I lie on my couch for the next four days after my visit to the ER. The meds the doctor prescribed me didn’t seem to be working. My mom checked on me very frequently, I knew she was worried. Every hour she checked my temperature and it never went below a 102.5. It could be a lot worse I told myself, keep hanging in there.
One mile left, and I am hopeful it will fly by.
The next day my mom loaded me up and we went back to the hospital. I was so tired I could barely lift my head up. I was running such a high fever I couldn’t comprehend what was happening. Eventually, we arrived to the hospital again. The nurses recognized me right away and lead me into a room. I was nauseous and just laid on the bed while the nurses drew my blood for test work. I wasn’t in a good condition.
The season is in full force. My confidence returns. My first game back, I am thrilled to be on the court once again. Pushing all my fears aside, I tell myself I can do it. The ref throws his hand in the air, and I enter the game. Running up and down, I am delighted to be back in my element. I listen to my shoes squeak on the floor, playing quick defense. The whistle is like a scream, drawing my attention to the scoreboard. We are ahead. Staying positive during this tough time kept me working towards something better: winning the game.
After my last visit to the hospital, the doctors gave me a new set of medicine. They were thankfully more effective than the last ones. I was feeling better almost instantly. The test results came back about a week later, and we found out I had caught a virus. The virus symptoms are similar to mono, we came to find out.

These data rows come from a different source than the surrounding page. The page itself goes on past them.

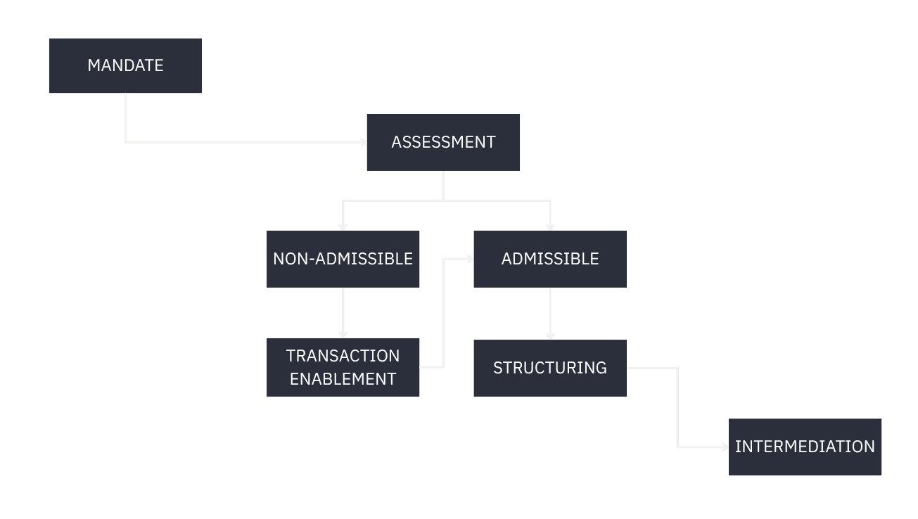 Admissible mandates proceed to structuring and intermediation.
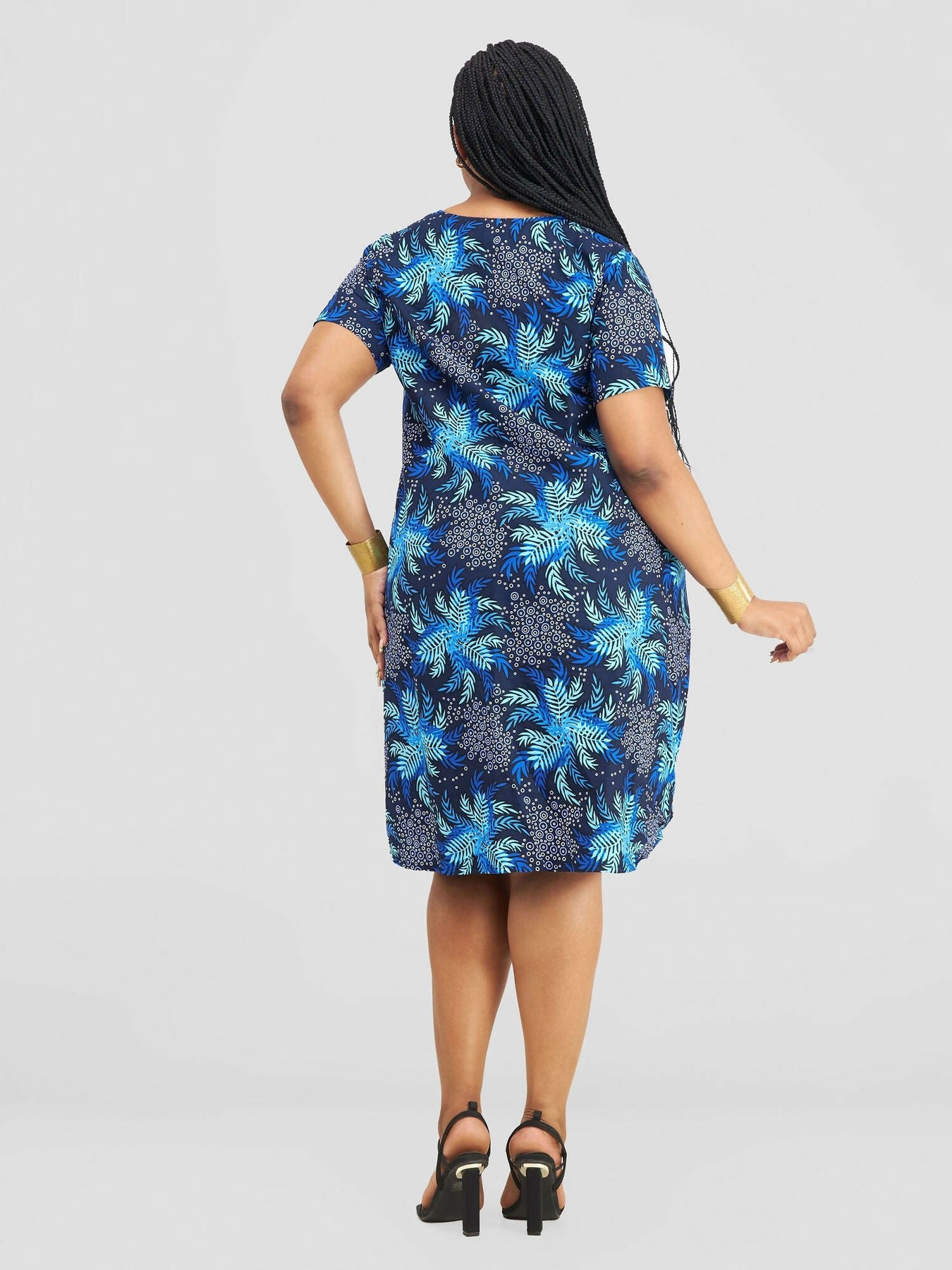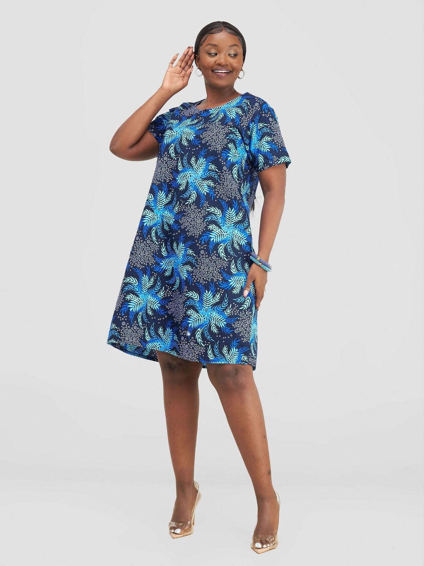 The dress is the epitome of a vibrant mix of colors, including light blue and dark blue. The pattern is bold and eye-catching, with a geometric, pixelated design.
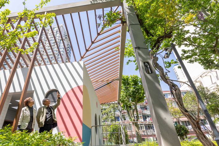 一场细雨后,老藤开新花,这勃勃的生机,寄托着一个家庭的挂念,映照出一座城市的温情。麦玉培夫妇再度相互搀扶,轻轻抚摸着“老朋友”的枝蔓,述说着新家的故事。新有新的风采,老有老的味道,城市是一个有机体、生命体,城市更新永远不能忘记自己的“根”和“魂”。旧貌换新颜,老树著春花,共同描绘出一幅人民城市为人民的生动画卷。
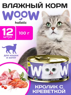 Влажный корм для кошек консервы кролик и креветка 100гр 12шт
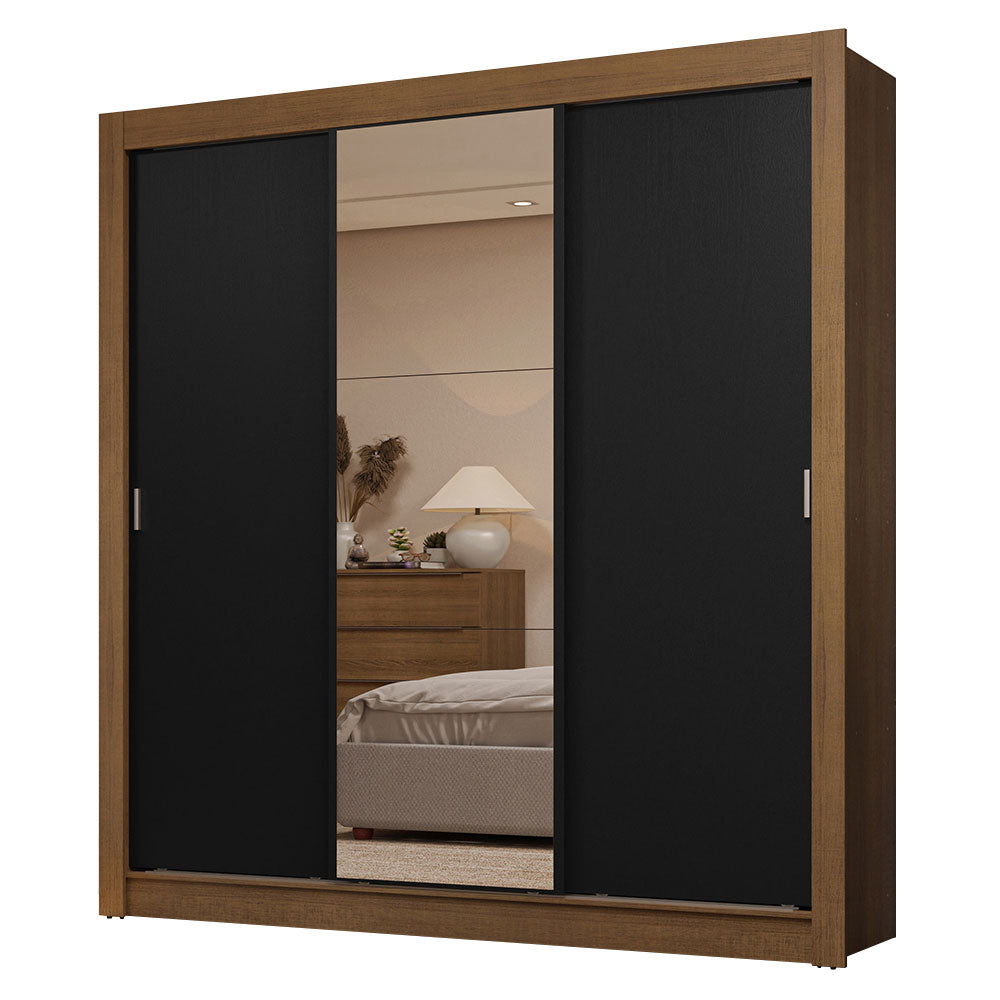 Placard Matrimonial 3 Puertas Corredizas con Espejo 2 Cajones Marrón/Negro Sublime
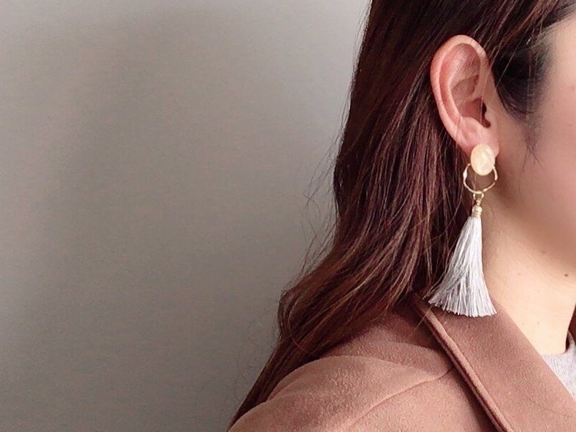 服装が薄着のときは、耳元にポイントがくると華やかな印象に。フリンジのピアス(300円)は長さが約6cmありますが、淡いカラーを選べば肌馴染みして、洋服にも合わせやすいです。
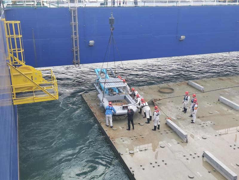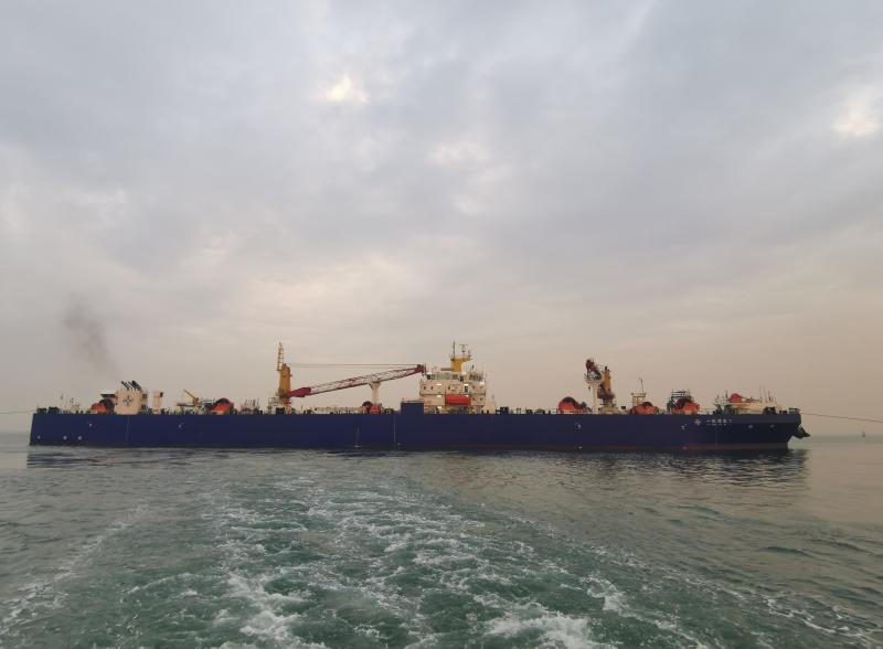 世界首制沉管浮運(yùn)安裝一體船提帶E7管節(jié)前往沉放隧址 通訊員供圖
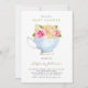 Junte-se a nós para uma festa de chá! Convide familiares e amigos para o seu evento com este convite de chá de fraldas personalizável. Apresenta a ilustração aquarela de uma equipe com um buquê rosa. Personalize adicionando seus detalhes. Este convite para chás de fraldas florais é perfeito para eventos de primavera e jardim.
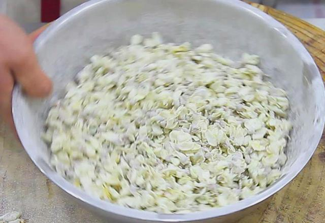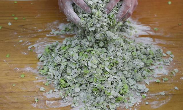 3、然后把控干水分的楮不揪倒入盆中,加入植物油10克拌匀,植物油能防止楮不揪大量出水,影响口感卖相,加入面粉50克,抓拌均匀,使楮不揪均匀裹上面粉。
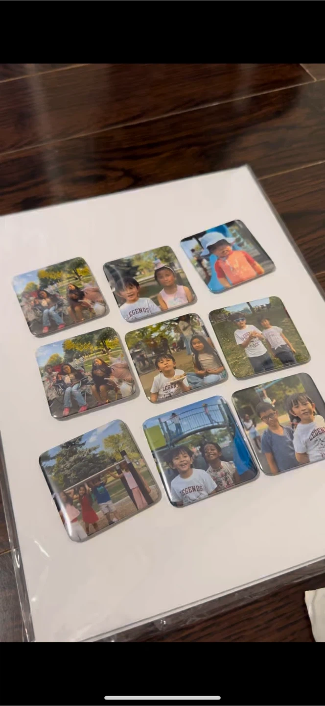 Capture your special moments and keep them close – right on your fridge! $3 per pc,minimum of 12pcs order 50mm square photo magnets πŸ’‘ Perfect For: Gift sets for birthdays, weddings, anniversaries Branding giveaways for businesses Holiday keepsakes Creative decor for home or office

The sun is starting to beam from the horizon. I stare ahead of me, just reaching the school. We have completed the three mile run. Finding the optimistic viewpoint helped me overcome this run, and my negative basketball situation. “In order to carry a positive action we must develop here a positive vision”. -Dalai Lama
If I’m being honest I thought I was going to die those two weeks I was sick. But, I continued to push through and get better. The quote I found from the Dalai Lama, reminds me a lot about my experience being sick. The last two weeks of summer I was sick, never left my couch. That wasn’t what I visioned, I imaged I was working, hanging out with friends or playing at the beach. That wasn’t reality but I tried my best to carry out a position mind.
The Merriam-Webster Dictionary. Springfield, MA: Merriam-Webster, 2004. Print.
"Positive Quotes." BrainyQuote. Xplore. Web. 07 Nov. 2016.